Не бойся упреков с моей стороны. Их не будет, даже если ты будешь вынуждена записать неприятные для тебя вещи. Надеюсь, уже одно воспоминание о том, что ты была нечестна, надолго отобьет у тебя охоту ко лжи. Но я должен сделать еще кое-что, что поможет тебе в течение дня не грешить и благодаря чему ты будешь записывать вечером в мою книгу только приятные вещи. Я запрещаю тебе, начиная с сегодняшнего вечера, когда ты снимешь знак траура вообще носить в волосах какую-либо ленту. Этот запрет будет действовать неопределенное время, пока твои записи не убедят меня в твоей серьезности и искренности. Я должен убедиться, что ты полностью поборола в себе склонность ко лжи. И тогда ты уже сама сможешь решать, какого цвета ленты тебе носить» (J. Heusinger, Die Familie Wertheim, 1800-(2), цит. по: Rutschky, S.192).

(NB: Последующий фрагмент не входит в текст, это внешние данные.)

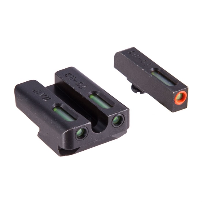 The TFX Pro Night Sights are constructed with duty or military use in mind. These sights feature both a Tritium vial for constant illumination, as well as fiber optic rods that amplify ambient light. Not only do these sights have both Tritum vials and fiber optics, but they are hermetically sealed in a redesigned TFX capsule, that provides superior protection against oils, chemicals and cleaning solvents. No more worrying about damaging your sights when cleaning! Front Sight features an orange outline, providing a contrast in colors and faster target acquisition. Rear sights features a U-notch design and angled front face for emergency slide racking. Sight bodies are CNC machined steel and have a Truglo “fortress” finish. TFX Pro Sights sets are Made in the USA, using Swiss Tritium.

Несомненно, Кэтхен убеждена в том, что такой порок свойственен только ей — низко падшему созданию. Понять же, что доброму и великодушному воспитателю сказать правду подчас не менее мучительно, чем ей самой и что именно поэтому он так ее и третирует, Кэтхен сможет, лишь пройдя курс психоанализа.

А как обстоят дела с отцом маленького Конрада? Не страдает ли он теми же психическими расстройствами, что и многие отцы в наше время?

«Я твердо решил воспитывать его, не прибегая к побоям, но из этого ничего не получилось. Вскоре я был вынужден взяться за розги.

Произошло следующее: как-то к нам пришла Кристль и принесла куклу. Конрад тут же захотел поиграть с ней, а потом никак не отдавал ее назад. Как же поступить в такой ситуации? Если бы я ему принес книжку с картинками и сказал, чтобы он вернул куклу хозяйке, он, наверное, сделал бы это. Но мне это не пришло в голову, а если бы и пришло, то не знаю, поступил бы я таким образом или нет. Ибо я вдруг осознал, что пришло время дать понять Конраду, что он обязан беспрекословно повиноваться отцу. Я сказал: „Конрад, отдай, пожалуйста, куклу Кристль!“ „Нет!“ — ответил он возбужденно. „Но ведь Кристль тоже хочет играть“, — настаивал я. „Нет!“ — упорствовал он, прижал куклу к груди и повернулся ко мне спиной. Тогда я еще раз повторил свое требование серьезным тоном: „Конрад, ты должен немедленно отдать куклу Кристль, я этого хочу“.

Тогда он с размаху швырнул куклу девочке прямо под ноги.

Боже, как я испугался! На мгновение мелькнула мысль, что даже если бы пала моя лучшая корова, это не вызвало бы у меня такого страха. Я не позволил Кристль поднять куклу и велел сыну самому сделать это. „Нет! Нет!“ — закричал Конрад. Тогда я принес розги и показал их ему. „Подними куклу или я ударю тебя“, — пригрозил я. Ребенок по-прежнему упорствовал: „Нет!“

Я замахнулся, уже хотел ударить его, и, надо же, это увидела моя жена. Она закричала: „Прошу тебя, не надо, ради Христа!“

Я как бы оказался меж двух огней и после короткого раздумья поднял куклу, отвел ребенка в другую комнату, запер дверь, чтобы жена не могла войти, швырнул куклу на пол и медленно, подчеркивая каждое слово, произнес: „Или ты поднимешь ее, или я ударю тебя“. Но мой Конрад по-прежнему, как заведенный, твердил: „Нет, нет, нет“.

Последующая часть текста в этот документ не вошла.